O governo Bolsonaro destinou, através da Medida Provisória (MP) 924/20, R$ 5 bilhões para o combate ao coronavírus no sistema de saúde. Desse total, R$ 4,8 bilhões serão destinados ao Fundo Nacional de Saúde para ações coordenadas pelo Ministério da Saúde em parceria com os estados e municípios. Do restante, R$ 204 milhões foram destinados aos hospitais universitários federais (administrados pela Empresa Brasileira de Serviços Hospitalares) e R$ 57 milhões irão para o Hospital de Clínicas de Porto Alegre, que funciona em parceria com a Universidade Federal do Rio Grande do Sul (UFRGS), todos vinculados ao Ministério da Educação. Os outros R$ 20 milhões serão liberados para a Fundação Oswaldo Cruz (FIOCRUZ), principal instituto brasileiro de pesquisa em vacinas. Em 9 de abril a Câmara dos Deputados aprovou repasse de R$ 2 bilhões para as santas casas e hospitais filantrópicos. Esses valores colocados até o momento são totalmente insuficientes para o combate à doença: tanto para garantir os Epis necessários para os trabalhadores da saúde, quanto para fortalecer o sistema de saúde com leitos de UTIs, ventiladores mecânicos e os remédios que precisamos para salvar vidas da população que tiver complicações ao serem infectadas pela doença. E são vergonhosos considerando o que se repassa diariamente ao sistema financeiro. Bolsonaro e Paulo Guedes garantiram repasse de R$ 1,2 trilhões aos bancos nessa crise. Além disso, em 2020 o Brasil deve pagar mais de R$ 1 trilhão em juros e amortizações da dívida pública a banqueiros e grandes empresários “investidores”.

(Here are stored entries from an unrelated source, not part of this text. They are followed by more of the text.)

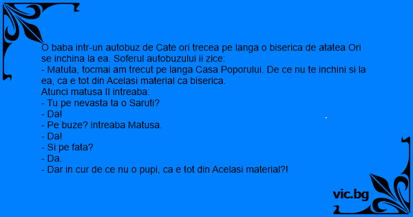 O baba intr-un autobuz de Cate ori trecea pe langa o biserica de atatea Ori se inchina la ea. Soferul autobuzului ii zice: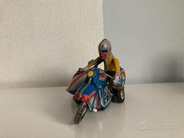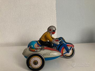 Moto di latta d'epoca con copilota e chiave.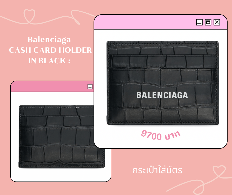 Card holder ลุคไฮด์เอนด์สตรีทแวร์ จากแบรนด์ Balenciaga ตัวกระเป๋าใส่บัตรทำจากหนังลูกวัวสีดำปั้มลายพื้นผิวแบบหนังจรเข้ พร้อมกับสกรีนยี่ห้อ Balenciaga สีขาวตัดกับสีของกระเป๋าเพื่อความโดดเด่นไม่ซ้ำใคร card holder นี้เหมาะกับการให้ในทุกโอกาสเพราะทางเราเองเชื่อว่ากระเป๋าสตางค์ของเราๆนั้นไม่พอที่จะสามารถใส่บัตรลงไปทั้งหมดได้นั้นเอง ค่าตัวของเจ้า Card holder จาก Balenciaga อันนี้อยู่ที่ 9,700 บาท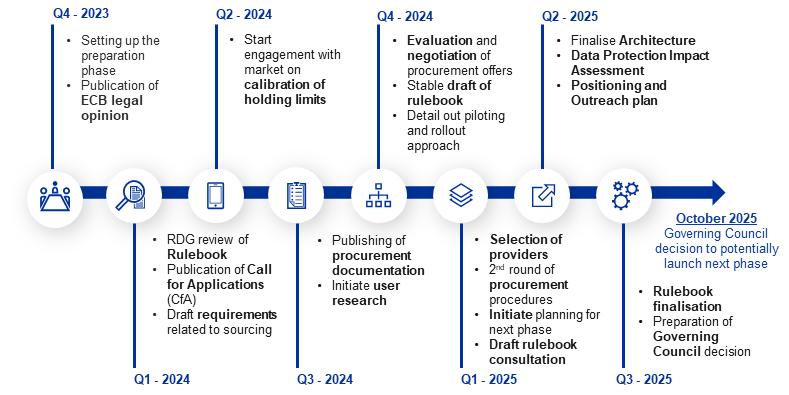 ECB. (2023c). Eurosystem’s preparation phase for a digital euro – Objectives and work plan. https://www.ecb.europa.eu/pub/pdf/other/ecb.digitaleuropreparationphaseobjectives202310~e17024e1a0.en.pdf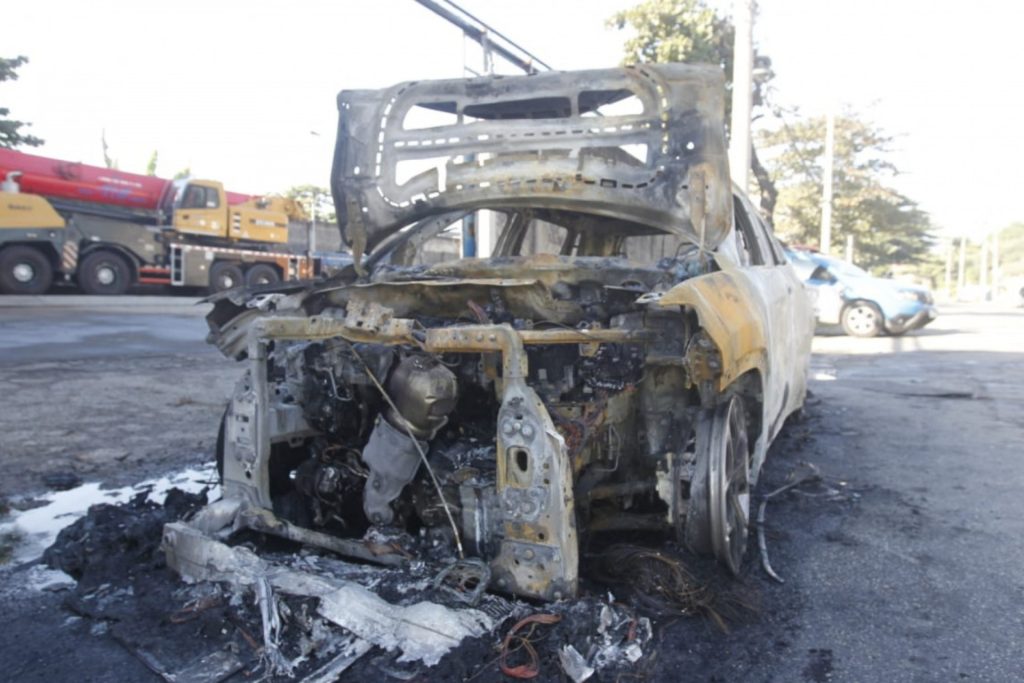 Carro pega fogo na Zona Portuária do Rio e é completamente destruído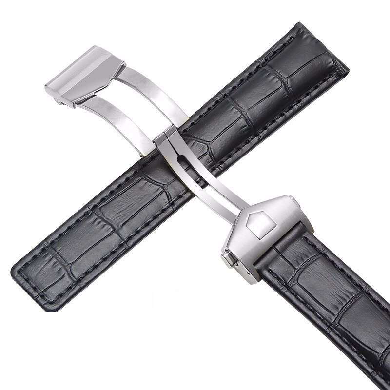 $ 17.8820mm Black Grain Leather Watch Strap with Deployment Buckle for Pilot Style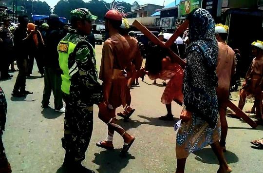 SIMALUNGUN – Dalam rangka memperingati Hari Kematian Yesus Kristus atau Jumat Agung, personel Koramil 13/Purba melaksanakan pengamanan prosesi jalan pikul salib yang diikuti jemaat GKPS Tigarunggu, di Kelurahan Tigarunggu, Kecamatan Purba.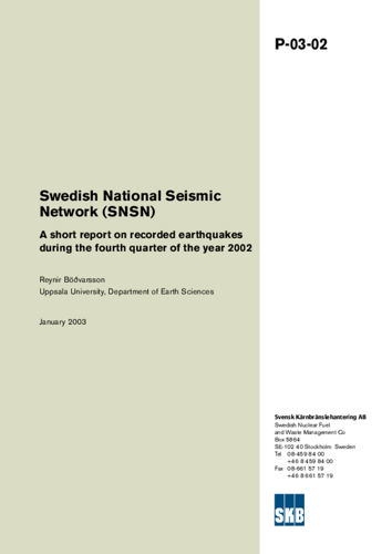 Swedish National Seismic Network (SNSN). A short report on recorded earthquakes during the fourth quarter of the year 2002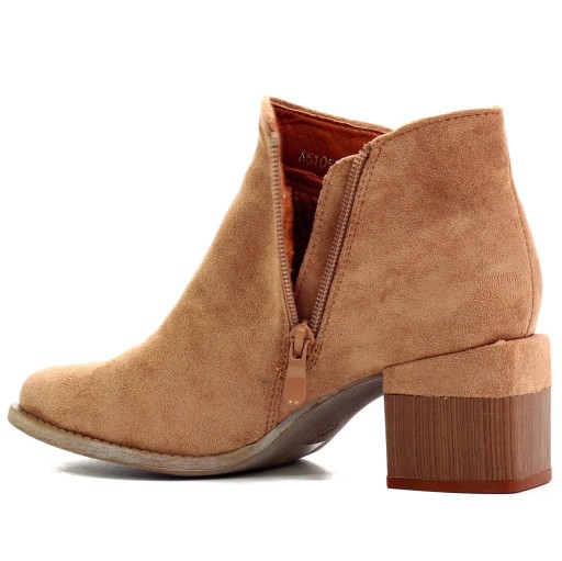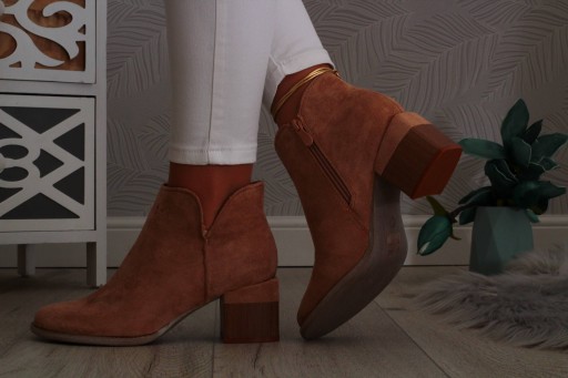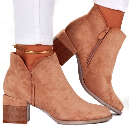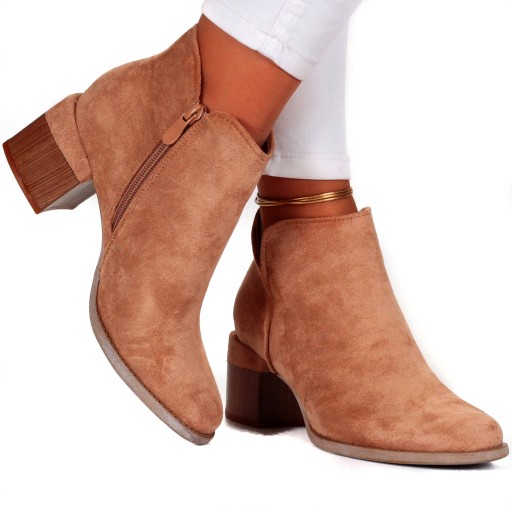Eleganckie botki damskie z zamszu na słupku w kolorze beżowym. 💯 Łatwe w zakładaniu- zapinane na suwak.😍 Wykonane z dobrych jakościowo materiałów. Ocieplane- delikatne futerko. Idealne na wiosnę lub jesień 🍂 Szeroki obcas zapewnia stabilność oraz komfort użytkowania. Modny fason z najnowszej kolekcji 2022 stanie się uzupełnieniem niejednej stylizacji, a stylowe wycięcie doda im szyku.👍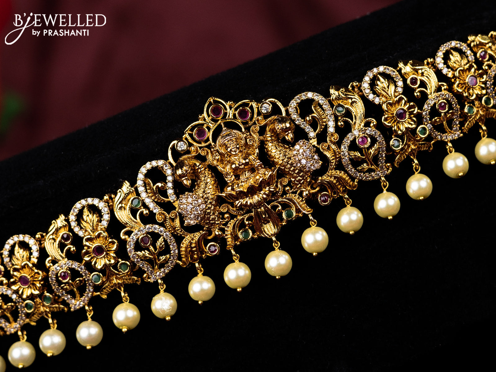 Antique hip belt lakshmi design with kemp & cz stones and pearl hangings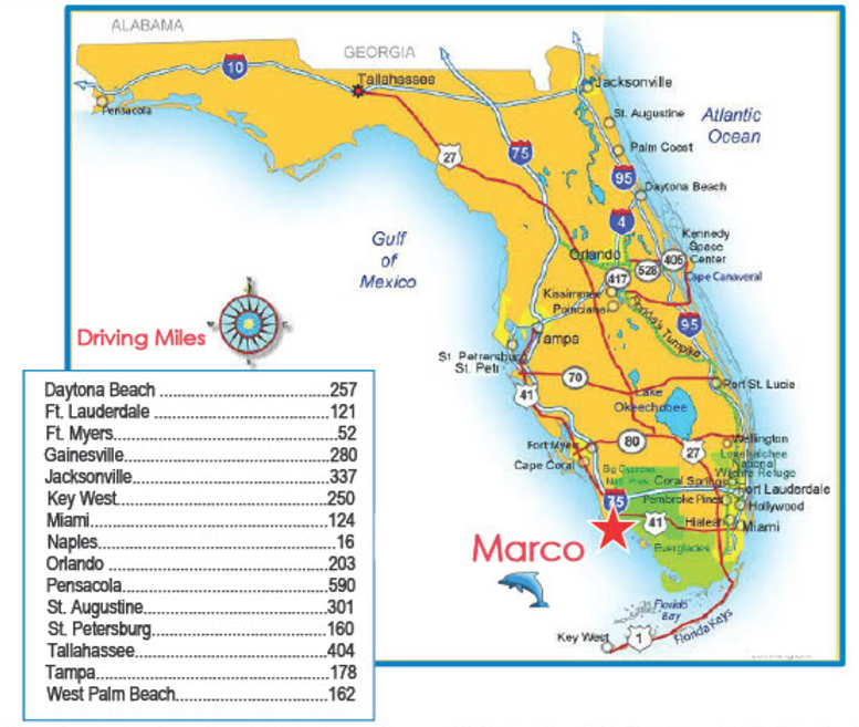 From Orlando, take I-4 West to I-75 South, then Exit 101 to Marco Island.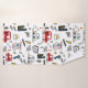 A playful, cartoon-style city pattern featuring buses, cars, helicopters, traffic lights, buildings, and fun doodle text like “Beep Beep,” “Wuz Up?” and “Go,” in bright red, yellow, blue, and black tones.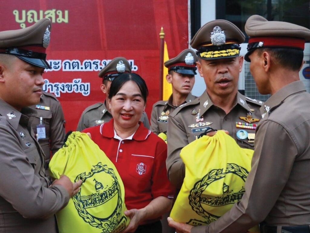เมื่อเวลา 18.30 น. พล.ต.ท.สยาม บุญสม ผบช.น. คุณสมฤทัย บุญสม ประธานชมรมแม่บ้านตำรวจนครบาล พร้อมด้วย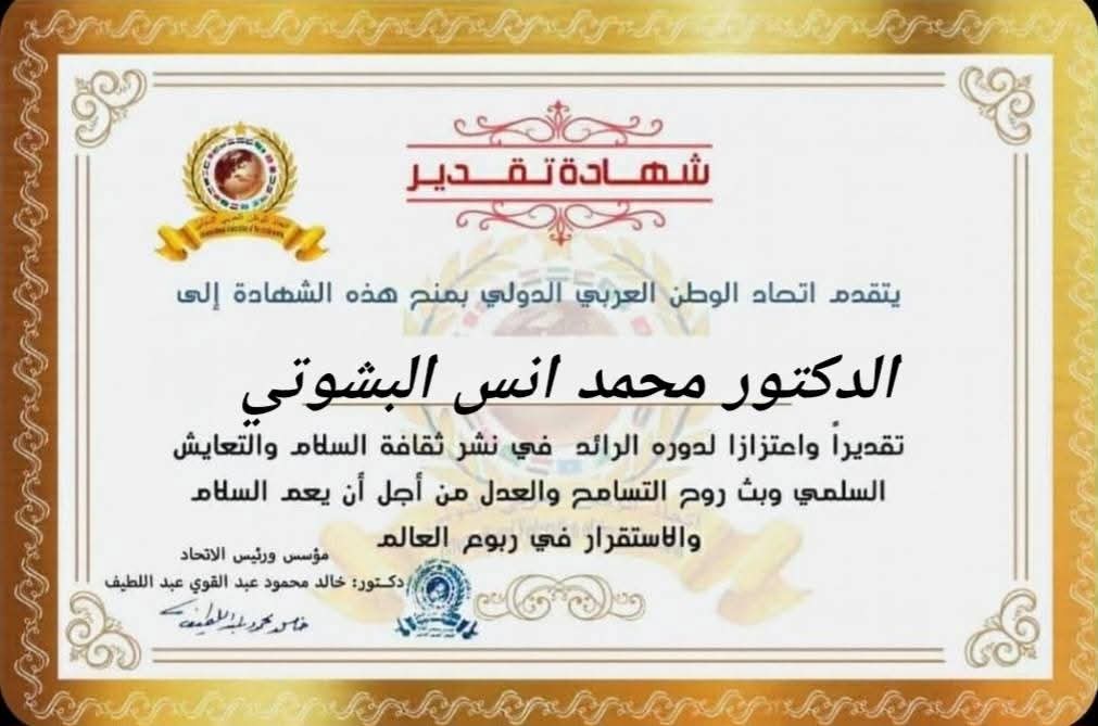 مؤسس ورئيس اتحاد الوطن العربي الدولي يمنح شهادة تقدير للدكتور محمد انس البشوتي نائب رئيس مجلس إدارة المقاولين العرب عثمان أحمد عثمان وشركاه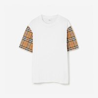 Product Details A cotton jersey T-shirt with contrasting sleeves in Burberry Check. The crew-neck style is cut to an oversized fit. - Rib-knit neckline - Oversized fit: our loosest cut, designed for exaggerated proportions. We recommend sizing down. - Machine wash - Item 80427161 Size & Fit - Length: 70cm/27.6in (size UK S) - Model’s height: 177cm/5ft 10in. Model wears size UK S Fabric & Care - 100% cotton - Trim: 98% cotton, 2% elastane - Made in Portugal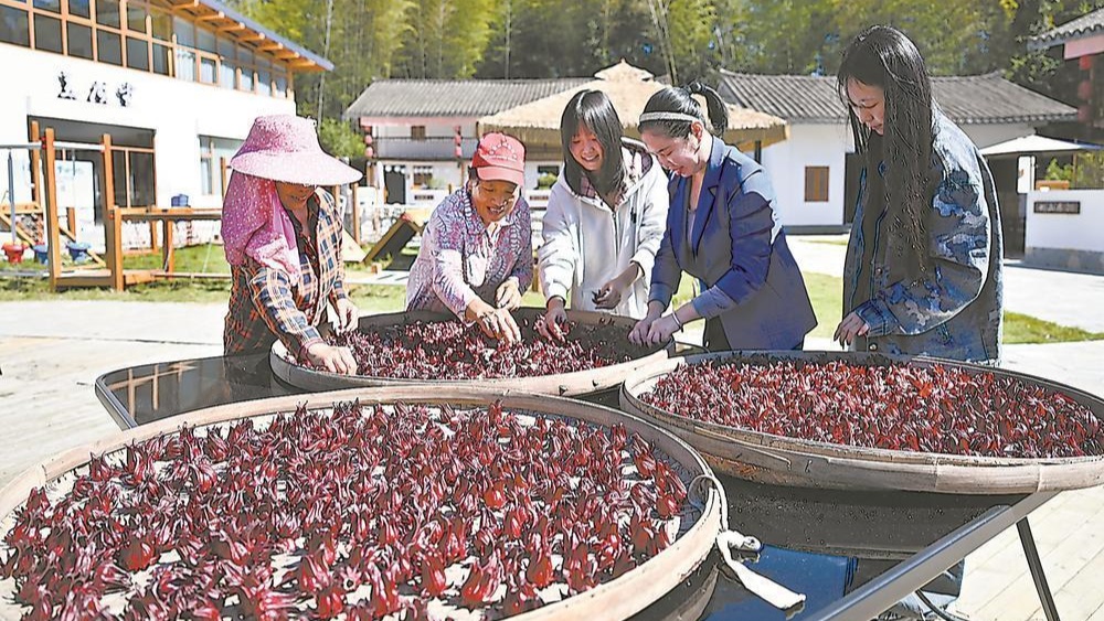 10月29日,在宁化县湖村镇蛟湖文旅小镇民宿前,村民在晾晒刚收的洛神花。

Alguns levantamentos feitos por movimentos sociais e pesquisadores agrupados no Manifesto Leitos Para Todos + Vidas Iguais aponta que “que em 53% das regiões de saúde será necessário dobrar a capacidade instalada de leitos de Unidades de Terapia Intensiva (UTI) e que, para isso, seriam necessários 18,6 bilhões de reais”. Ou seja, com uma pequeníssima fração do que destina aos banqueiros se poderia garantir essa meta. Além disso, o Manifesto Leito Para Todos + Vidas Iguais denuncia a desigualdade entre a oferta de leito no SUS e na rede privada, fato que pode levar a que as mortes sejam em sua maioria de pessoas da classe trabalhadora e do povo pobre, que necessitam do sistema público de saúde. “Em 2019, o Brasil contava com cerca de 15,6 leitos de UTI para cada 100.000 habitantes. Todavia, para cada leito per capita disponível para o SUS, existem aproximadamente 4 disponíveis para os planos de saúde. O sistema público utiliza cerca 45% do total de leitos de UTI, enquanto mais da metade se destina a 25% da população que é cliente de planos de saúde.”

Um outro levantamento feito pelo mandato do vereador Babá (CST-Psol) e a bancada do PSOL carioca demonstra que numa cidade como o Rio de Janeiro “a suspensão do pagamento de R$ 1,62 Bilhão para o pagamento da dívida pública do município era possível: 1 – Garantir uma renda mínima de mil reais até o fim do ano para as 135 mil famílias com menores indicadores sociais na cidade – R$ 1 Bilhão; 2 – Garantir albergue a todas as 7 mil pessoas em situação de rua e em vulnerabilidade social extrema – R$ 14 milhões; 3 – Contratação de 300 Equipes de Saúde da Família para chegar a cobertura de 100% de atendimento no município – R$ 300 milhões/ano. Além disso, sobrariam recursos para ampliação de leitos, compra de Equipamento de Proteção Individual aos profissionais em atividades essenciais, especialmente na saúde”.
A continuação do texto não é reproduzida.